▶ _Available data_:
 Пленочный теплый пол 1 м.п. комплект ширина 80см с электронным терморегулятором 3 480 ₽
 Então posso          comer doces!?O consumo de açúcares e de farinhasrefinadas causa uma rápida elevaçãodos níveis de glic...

--

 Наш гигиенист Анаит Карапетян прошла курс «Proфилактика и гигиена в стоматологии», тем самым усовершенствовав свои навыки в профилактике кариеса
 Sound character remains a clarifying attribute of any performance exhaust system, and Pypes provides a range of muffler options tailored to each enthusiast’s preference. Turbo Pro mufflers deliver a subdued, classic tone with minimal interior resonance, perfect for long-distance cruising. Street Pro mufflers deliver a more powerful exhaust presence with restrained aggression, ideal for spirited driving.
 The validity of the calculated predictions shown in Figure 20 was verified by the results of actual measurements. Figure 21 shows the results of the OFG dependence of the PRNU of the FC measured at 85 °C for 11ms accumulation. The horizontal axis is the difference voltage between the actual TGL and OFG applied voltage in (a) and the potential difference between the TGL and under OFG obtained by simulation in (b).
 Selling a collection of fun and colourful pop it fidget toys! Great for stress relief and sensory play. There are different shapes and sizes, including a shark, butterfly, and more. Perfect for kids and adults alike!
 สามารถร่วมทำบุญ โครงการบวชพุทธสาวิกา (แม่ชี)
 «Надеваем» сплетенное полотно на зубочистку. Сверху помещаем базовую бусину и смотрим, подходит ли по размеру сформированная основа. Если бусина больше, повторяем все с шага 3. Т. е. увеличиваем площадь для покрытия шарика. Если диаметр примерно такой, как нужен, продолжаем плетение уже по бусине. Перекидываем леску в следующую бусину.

--

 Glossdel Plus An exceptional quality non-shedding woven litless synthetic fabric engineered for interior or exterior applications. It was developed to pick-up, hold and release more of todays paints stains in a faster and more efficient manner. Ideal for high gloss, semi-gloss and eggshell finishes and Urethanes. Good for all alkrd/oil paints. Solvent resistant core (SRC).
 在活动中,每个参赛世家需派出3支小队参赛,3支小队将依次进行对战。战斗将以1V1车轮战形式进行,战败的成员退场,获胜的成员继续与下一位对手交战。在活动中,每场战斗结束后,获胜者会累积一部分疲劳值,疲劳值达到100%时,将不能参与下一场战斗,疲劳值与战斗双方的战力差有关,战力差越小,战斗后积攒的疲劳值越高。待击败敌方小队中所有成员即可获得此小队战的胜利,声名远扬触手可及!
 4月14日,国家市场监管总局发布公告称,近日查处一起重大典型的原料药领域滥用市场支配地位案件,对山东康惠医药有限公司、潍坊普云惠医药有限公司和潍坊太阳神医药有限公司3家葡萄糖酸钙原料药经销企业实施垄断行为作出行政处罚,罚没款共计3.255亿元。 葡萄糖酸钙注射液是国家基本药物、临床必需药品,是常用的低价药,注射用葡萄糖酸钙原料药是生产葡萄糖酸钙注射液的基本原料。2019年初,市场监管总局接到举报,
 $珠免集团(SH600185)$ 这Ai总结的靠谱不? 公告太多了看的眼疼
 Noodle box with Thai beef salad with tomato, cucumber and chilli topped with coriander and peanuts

▶ _Problem requirements_: Given the records above, restate word for word only the lines starting at the one with "สามารถร่วมทำบุญ โครงการบวชพุทธสาวิกา (แม่ชี)" and ending at the one with "в следующую бусину.".

▶ _Output for this exercise_:
 สามารถร่วมทำบุญ โครงการบวชพุทธสาวิกา (แม่ชี)
 «Надеваем» сплетенное полотно на зубочистку. Сверху помещаем базовую бусину и смотрим, подходит ли по размеру сформированная основа. Если бусина больше, повторяем все с шага 3. Т. е. увеличиваем площадь для покрытия шарика. Если диаметр примерно такой, как нужен, продолжаем плетение уже по бусине. Перекидываем леску в следующую бусину.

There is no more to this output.